Why Service Startups Are Taking a New Path: Making Products

In what may seem like a natural extension in hindsight, Indian service startups are leveraging consumer data generated on their platform to understand market demand for specific products and expand into manufacturing. For example, home services marketplace Urban Company plans to launch its own line of water purifiers and is about to officially announce the product to users of its app, sources said.

From manufacturing reverse osmosis (RO) filters used by its service professionals during maintenance, Urban Company has now decided to expand into water manufacturing. There are plans to launch more products based on consumer interest in water purifiers, and hiring for product development is underway, the person said.

When contacted, Urban Company said it had been piloting water purifier sales since November last year. More than 1,000 users purchased the product during the pilot project, the company said, confirming its intention to manufacture and sell water purifiers under its own brand.

Similarly, social commerce platform Meesho had previously shifted from its reseller-led model to selling products directly to end customers, like Amazon and Flipkart. From selling unbranded products, he has now learned to partner with smaller brands to start offering branded products on his platform.

According to sources, more than 60% of Meesho’s transacting users come from its direct selling business. The company is looking to capitalize on this by partnering with smaller brands to launch branded products on its platform. Meesho did not respond to questions.

Before Urban Company and Meesho, several startups leveraged data generated on their platform to expand into new categories to increase revenue and attract investors.

Zomato recently dove into food delivery in 10 minutes thanks to the insights generated over the years from food delivery. This allows it to set up a network of grocery stores near neighborhoods with a high customer base. Stores will stock the best-selling items in each locality, with the estimated cooking time for these items being 2-4 minutes given the predictability of demand.

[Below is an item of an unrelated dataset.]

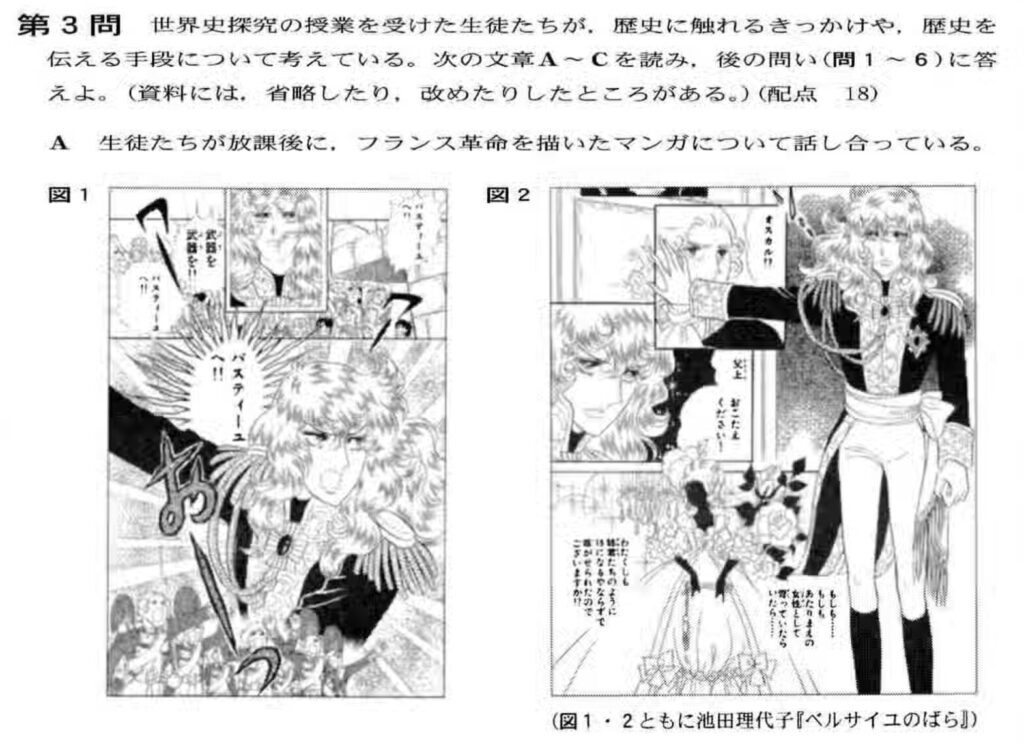 その大問の中で、フランス革命期を扱う資料として、池田理代子先生の『ベルサイユのばら』のコマが引用されました。教科書の肖像画や風刺画と並んで、少女漫画のキラキラした瞳のオスカルが印刷されている光景は、あまりにシュールで衝撃的でした。

Competitor Swiggy has already successfully experimented with a cloud kitchen network in some locations.

Blinkit, which pivoted to deliver groceries in less than 10 minutes, opened a network of dark stores across cities based on consumer data it had collected as an online grocer in its old avatar. Groffers. Workers at these dark stores previously told The Indian Express that different dark stores may have different high priority items depending on the localities served.

The community safety platform MyGate, equipped with the data of residents of residential corporations using its services, had also introduced community-specific services such as enterprise resource planning solutions for resident welfare associations. to help with accounting, invoicing, and expense tracking, among other things. The startup had also launched a service called MyGate Club where major brands could interact with residents through curated experiences.

Not all data-driven expansions in the branded goods segment can succeed. In March last year, Zomato began selling nutraceuticals under its own brand which it shut down within six months after a quiet response from customers.